Abstract
Introductions: TiO2 nanoparticles ceramic (NPs) codoped with Bi and W ions have been synthesized by a hydrothermal technique. A portion of the prepared ceramic was posthydrogenated. Ceramic NPs were characterized by traditional methods. Crystalline structures and optical properties were investigated using X-Ray diffraction (XRD) and diffuse reflection spectroscopy, respectively.
Methods: The present work has focused on the creation of a colossal (giant) dielectric permittivity (GP) behavior with the TiO2 host NCs through the Bi/W codoping to construct electronic core/shell structures.

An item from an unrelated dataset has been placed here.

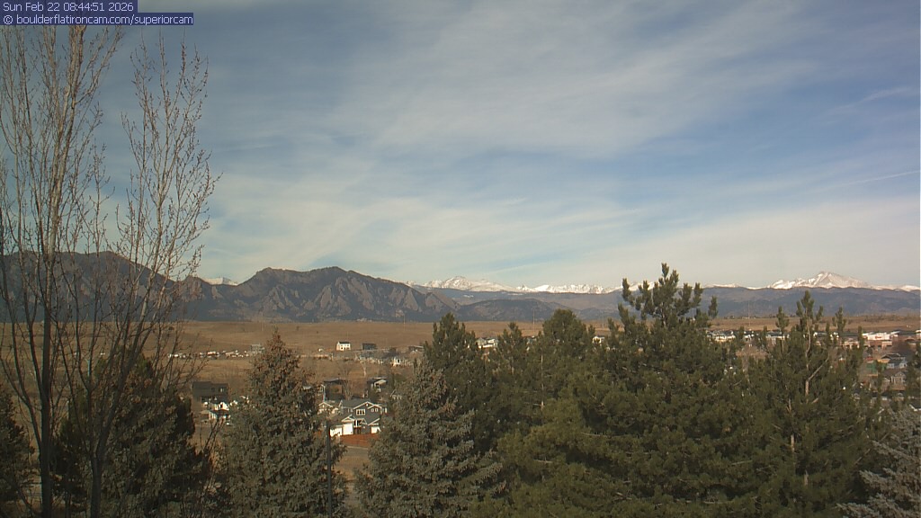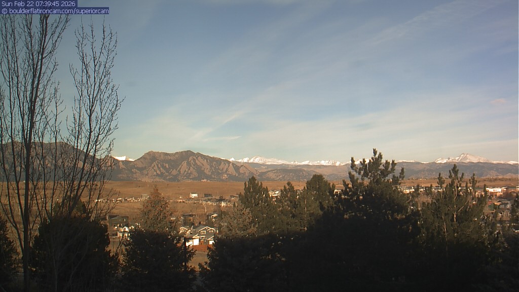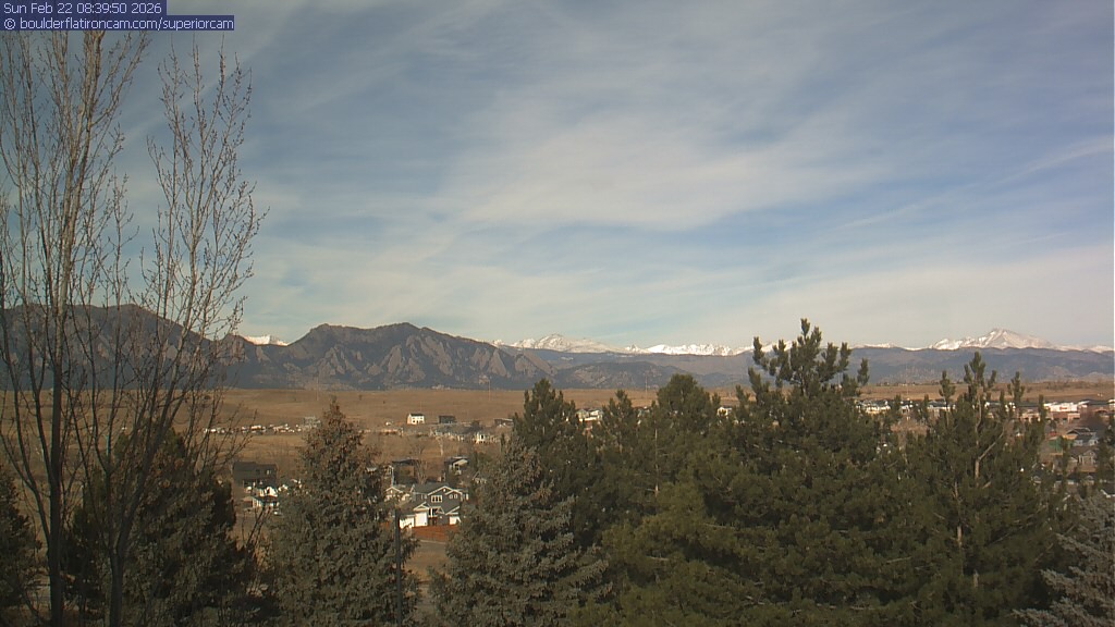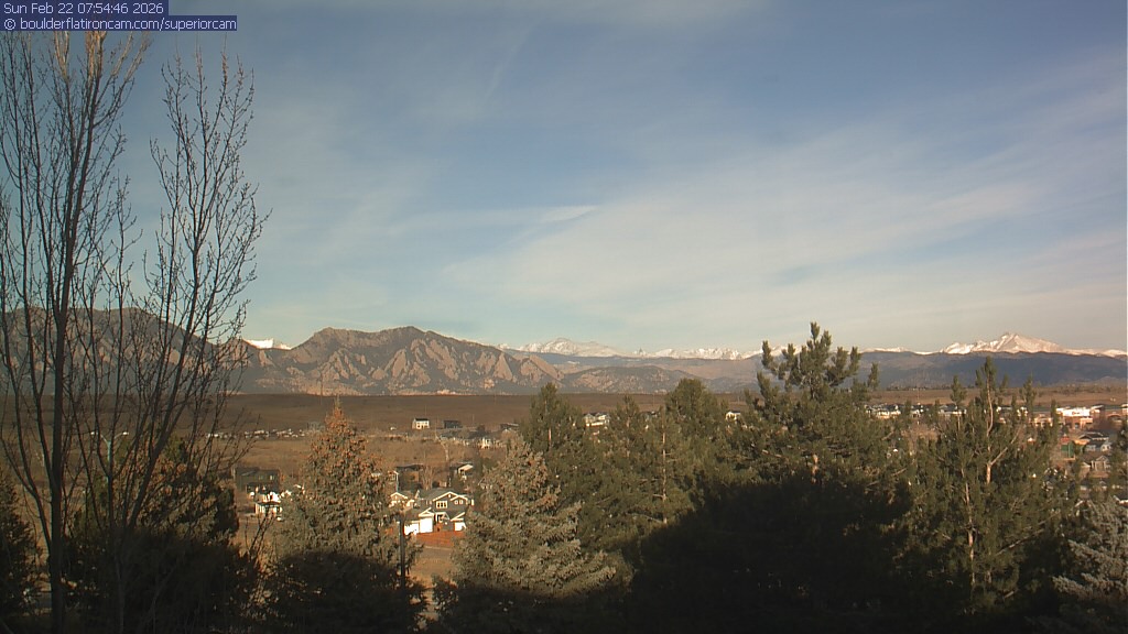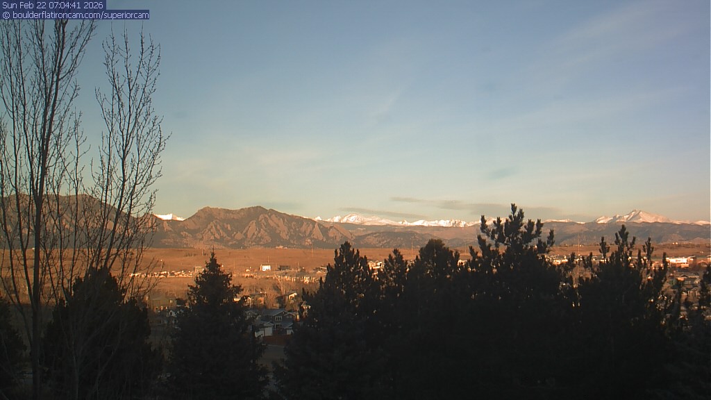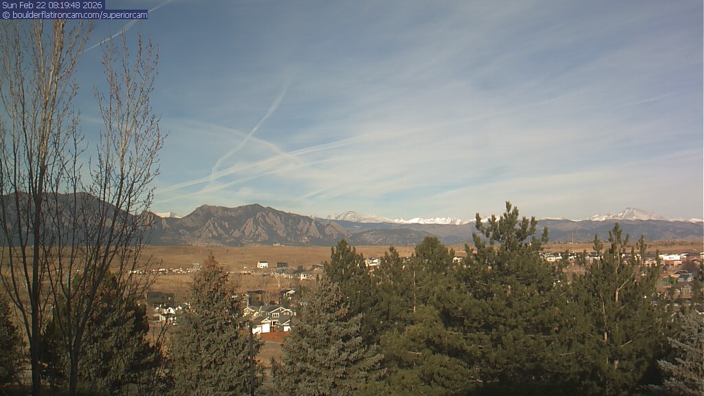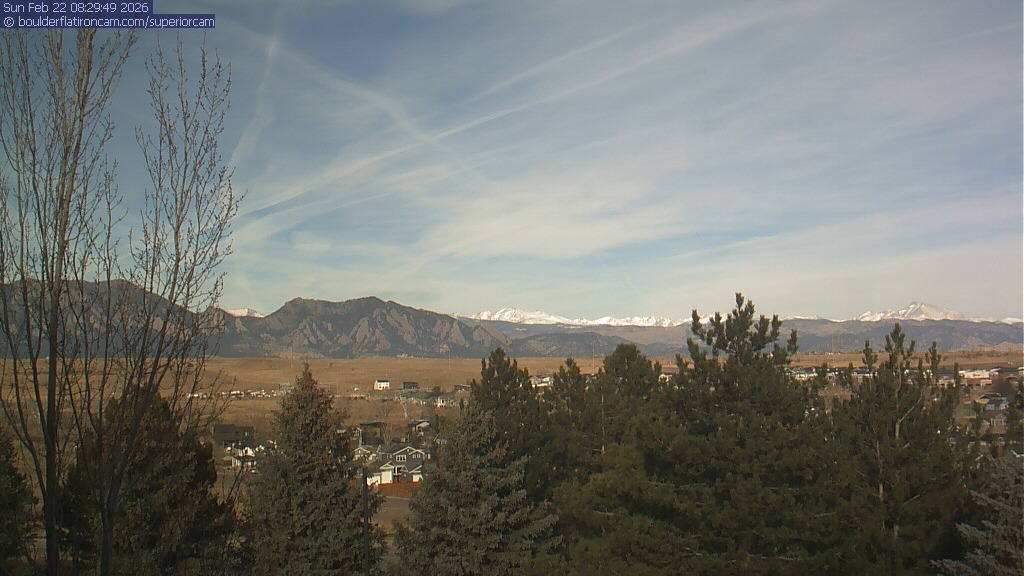 The Superior cam has a view to the northwest over Boulder, the Flatirons, Indian Peaks and Long’s Peak.   The Coal Creek trail is visible in the foreground with old town Superior.

In addition, the influence of post-hydrogenation on the created GP was also examined.
Results: It was found a high permittivity of 3.69×104 at 1 kHz, which was reduced to 3.29×104 by the hydrogenation of the sample. This is attributed to the densification of the itinerant electrons by the effect of the catalytic power of the doping W5+ ions to dissociate the adsorbed H2.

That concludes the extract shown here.